Fliesstext Die Rekonstruktion des Verstehens
   
Das Ergebnis der rekonstruktiven, interpretativen und kodierenden Bedeutungszuschreibungen sind gleichermaßen Idealisierungen, Informationen, die von anderen ähnlich prozessiert werden können oder nicht. Aber es sind eben unterschiedliche Typen von Information, und man tut gut daran, sich jeweils Rechenschaft darüber abzulegen, für welche Wirklichkeit man sich gerade interessiert. Die Verknüpfung der unterschiedlichen Informationstypen ist ebenso unvermeidlich wie problematisch.

Die kommunikative Sozialforschung wendet in den verschiedenen Forschungsschritten alle drei Typen des Verstehens an. Alle Untersuchung sozialer Kommunikation nimmt aber die Rekonstruktion des Verstehens zum Ausgangspunkt. Dies kann gar nicht anders sein, wenn der Forschungsprozess als Kommunikation gestaltet wird und der Forscher entsprechend als potentieller oder tatsächlicher Gesprächspartner auftritt. Wenn er das Tonband abhört oder die Transkriptionen liest, sind von ihm keine Redebeiträge, wohl aber Bedeutungszuschreibungen zu den Äußerungen möglich. Solche Bedeutungszuschreibungen, Paraphrasen, sind sogar notwendig, weil die Transkriptionen immer insofern unvollständig sind, als sie zwar die sprachlichen Äußerungen, nicht aber deren Verstehen durch die Beteiligten dokumentieren.
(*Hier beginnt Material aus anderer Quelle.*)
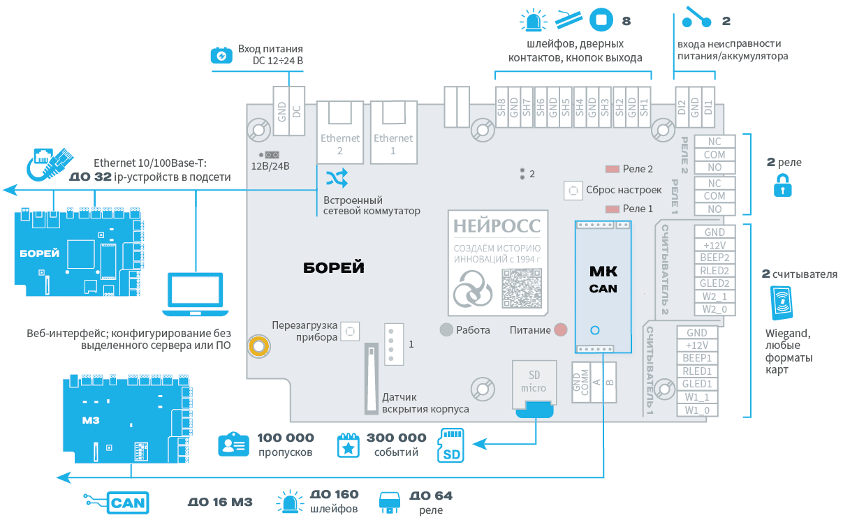 С помощью дополнительных модулей М3, подключаемых по интерфейсу CAN, благодаря высокой производительности самого контроллера и пропускной способности интерфейса, БОРЕЙ способен в режиме «мягкого» реального времени контролировать до 168 датчиков (извещателей, шлейфов), до 66 исполнительных устройств или до 34 точек доступа. Контроллеры БОРЕЙ могут быть объединены в одну сеть НЕЙРОСС для организации системы любого масштаба и сложности. Количество контроллеров в одной сети НЕЙРОСС не ограничено.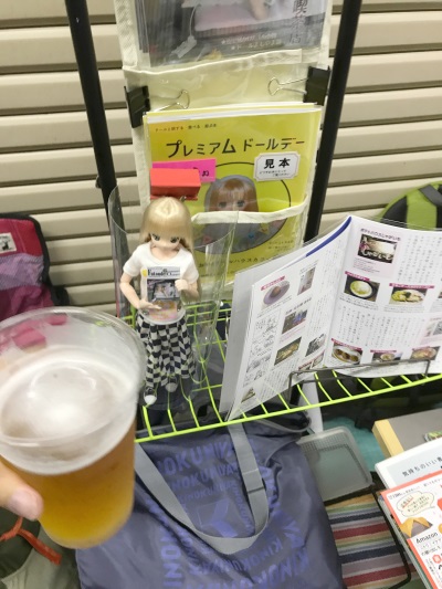 ▲おいもちゃんとビール。もこもこ土産店の「ドールと旅する食べる遊ぶ本」も置いています。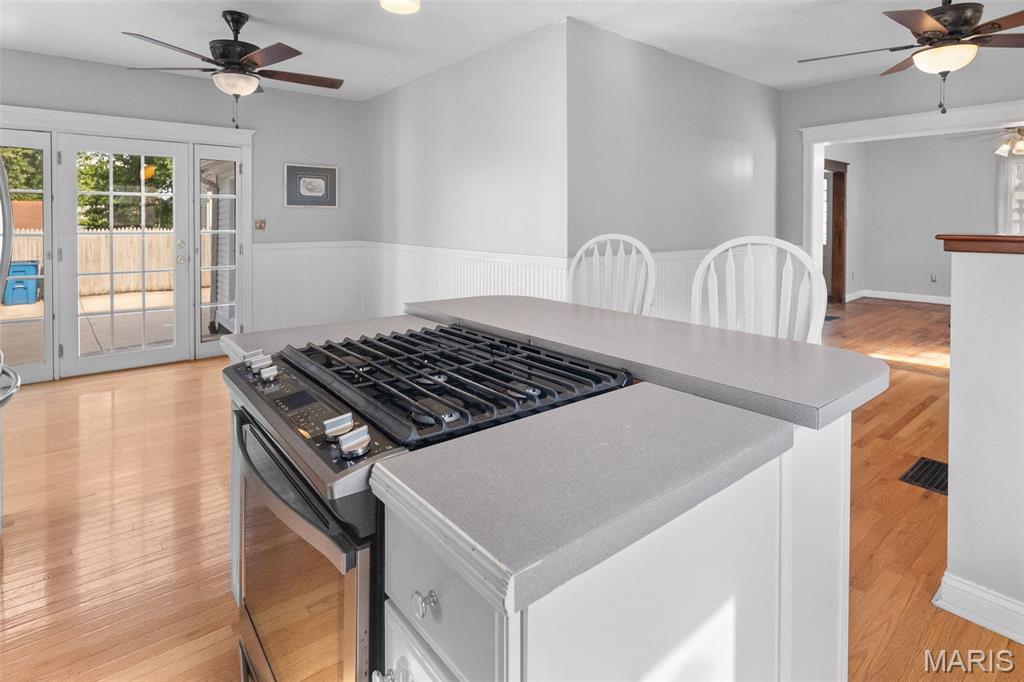 The kitchen features a convenient center island with additional seating and an adjacent eat-in area, making it ideal for both casual meals and entertaining. A spacious formal dining room provides ample space for gatherings and special occasions.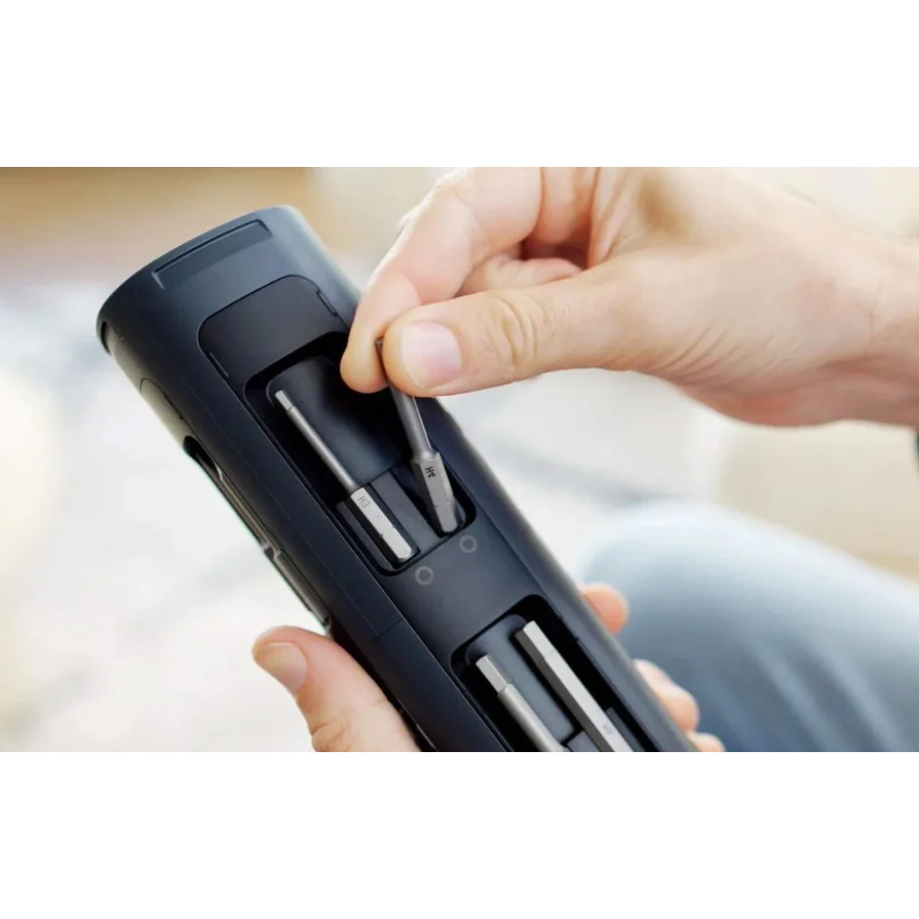 A beépített mágnestartóval ellátott, stabil alumínium tokban a csavarhúzó és a bitek könnyen tárolhatók. A kihúzható mechanizmus gyors hozzáférést biztosít, a markolat és a bitek mágnesezettsége pedig megkönnyíti a biztonságos tartást.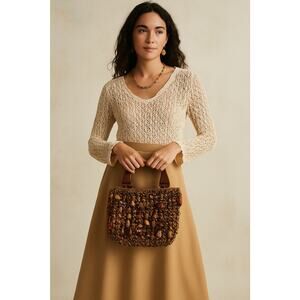 boho coastal luxury with this stunning Cappelli woven beaded purse, featuring natural straw-style weaving, rich wooden handles, and dangling amber-toned beads that catch the light beautifully. This bag blends vintage charm with modern resort style, perfect for beach vacations, summer brunches, or adding a touch of earthy elegance to any outfit.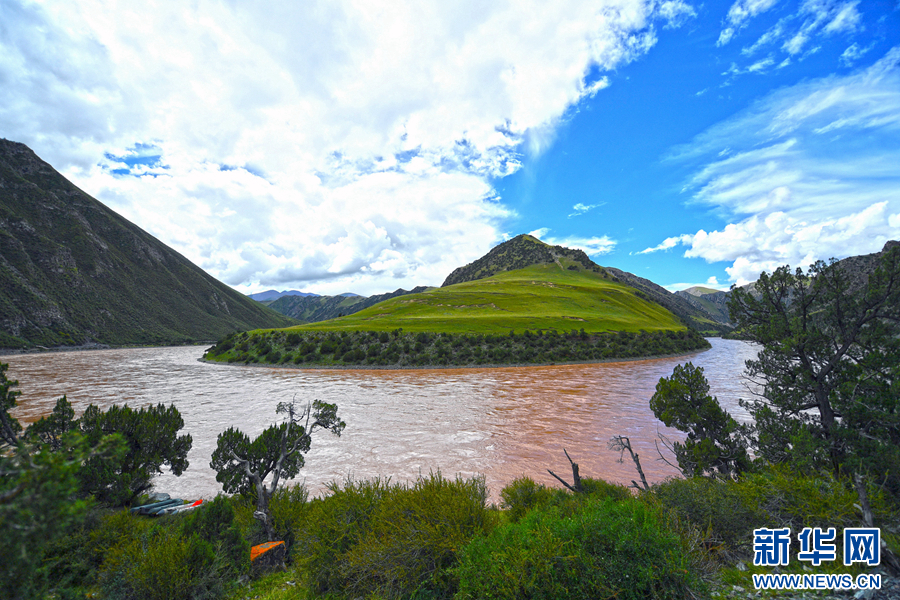 通天河在流经曲麻莱县巴干乡夏日寺时拐了一个大弯,留下了壮美的景色。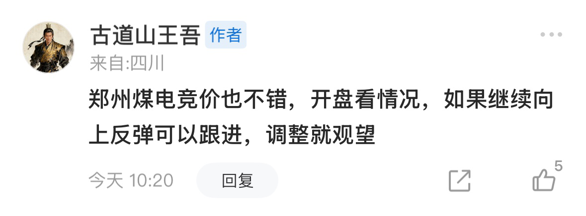 $郑州煤电(SH600121)$:公司是区域煤炭龙头,年产能近千万吨,智能化转型降本增效,叠加煤炭价格反弹预期与国资委背景下的资产注入想象空间。今天早盘高开低走,关键还是煤炭板块再次回落,所以今天的行情走弱也是情理之中,既然是回调,那么我认为就可能会持续调整,等到行情企稳后再去寻找机会,所以今天选择观望。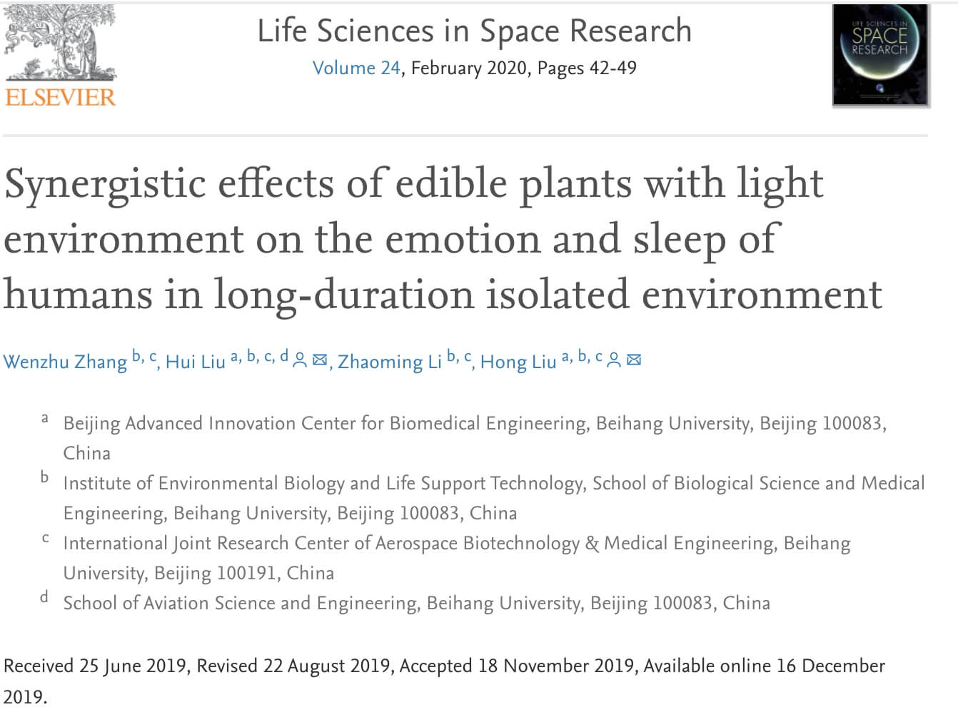 Synergistic effects of edible plants with light environment on the emotion and sleep of humans in long-duration isolated environment

Die Forscher haben genauso wie die Beteiligten im Alltag die Aufgabe, diesen Kreislauf von Informationsdarstellung und -verarbeitung zu vervollständigen. Während bei den Interpretationen die mentale Vorgeschichte der Äußerungen, z. B. die Intentionen des Sprechers, interessieren, liegt bei den Rekonstruktionen das Augenmerk auf ihren sozialen Folgen. Das 'Nachher' soll Zug um Zug, sequentiell, erschlossen werden.